Weisberg and his team started by interviewing community members about their experience in past extreme storms. Where did the water go? Where did the flooding occur? Have they seen changes in those patterns in recent years? The Penn team then trained community members to do their own research, determining the questions they wanted answered and collecting the data. “The idea is to try to help bring these tools to the community,” says Weisberg. 

The Galápagos has often been called the laboratory of evolution, and rightly so, says Weisberg. But he also hopes it can become a laboratory to study climate change and a model for successful approaches to climate adaptation on a broader scale. 

In his role as senior advisor to H.E. Aminath Shauna, the Maldivian Minister of Environment, Climate Change, and Technology, Weisberg helped develop national positions and advise on strategies in line with the priorities of this particularly climate-vulnerable small island state. 

Perhaps most significantly, Weisberg and Zeid Ra’ad Al Hussein, a PWH Professor of Practice of Law and Human Rights, joined the Maldives delegation at the U.N. Climate Change Conference, COP27, held in Sharm El Sheikh, Egypt, in November 2022. Shauna played a key role in what the U.N. has described as a “breakthrough agreement” on loss and damage that establishes funding for particularly vulnerable developing countries to aid in their response to the challenges of global warming.

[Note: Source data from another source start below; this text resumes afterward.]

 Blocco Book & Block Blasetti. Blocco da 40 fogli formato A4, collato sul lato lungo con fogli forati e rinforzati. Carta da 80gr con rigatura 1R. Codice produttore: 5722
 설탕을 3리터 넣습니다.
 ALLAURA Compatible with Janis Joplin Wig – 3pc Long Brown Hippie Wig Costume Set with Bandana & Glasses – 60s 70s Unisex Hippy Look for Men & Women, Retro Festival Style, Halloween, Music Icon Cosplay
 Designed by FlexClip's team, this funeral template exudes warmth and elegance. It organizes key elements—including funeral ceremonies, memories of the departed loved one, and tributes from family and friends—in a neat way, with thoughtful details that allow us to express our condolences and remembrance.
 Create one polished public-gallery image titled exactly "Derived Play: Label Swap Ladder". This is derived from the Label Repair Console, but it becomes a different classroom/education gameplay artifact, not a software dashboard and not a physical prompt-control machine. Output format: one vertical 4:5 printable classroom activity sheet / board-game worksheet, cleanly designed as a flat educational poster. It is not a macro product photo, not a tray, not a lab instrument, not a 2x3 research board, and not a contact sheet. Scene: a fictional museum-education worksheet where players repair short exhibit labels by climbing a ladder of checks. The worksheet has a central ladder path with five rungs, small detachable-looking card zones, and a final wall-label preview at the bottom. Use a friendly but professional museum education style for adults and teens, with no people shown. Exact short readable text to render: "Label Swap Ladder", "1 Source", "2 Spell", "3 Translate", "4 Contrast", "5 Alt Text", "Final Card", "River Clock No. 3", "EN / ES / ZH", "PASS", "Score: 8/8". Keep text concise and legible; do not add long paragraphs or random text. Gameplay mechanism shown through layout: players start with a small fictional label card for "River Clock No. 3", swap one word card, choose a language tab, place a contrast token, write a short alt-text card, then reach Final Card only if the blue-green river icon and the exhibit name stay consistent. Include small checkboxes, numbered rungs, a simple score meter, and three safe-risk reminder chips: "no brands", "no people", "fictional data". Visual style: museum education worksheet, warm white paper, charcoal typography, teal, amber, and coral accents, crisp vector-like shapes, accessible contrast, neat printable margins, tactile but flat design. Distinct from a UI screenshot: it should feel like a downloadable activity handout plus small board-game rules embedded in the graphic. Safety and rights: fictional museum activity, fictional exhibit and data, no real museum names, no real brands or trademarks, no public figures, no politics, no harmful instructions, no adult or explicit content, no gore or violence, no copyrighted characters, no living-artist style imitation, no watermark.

Her breakthrough ideas were discussed and developed in consultation with Weisberg, Ra’ad Al Hussein, and other faculty, postdocs, and staff at PWH.

Weisberg also contributed to the Intergovernmental Panel on Climate Change’s “Sixth Assessment Report,” which provides an updated global overview of climate change. Working on that massive document, he says, honed his ability to act as an effective intermediary. “I can help the scientists understand what the policymakers need. And for the policymakers, either I’m already familiar with what the scientists are saying, or I know where to look or who to ask.”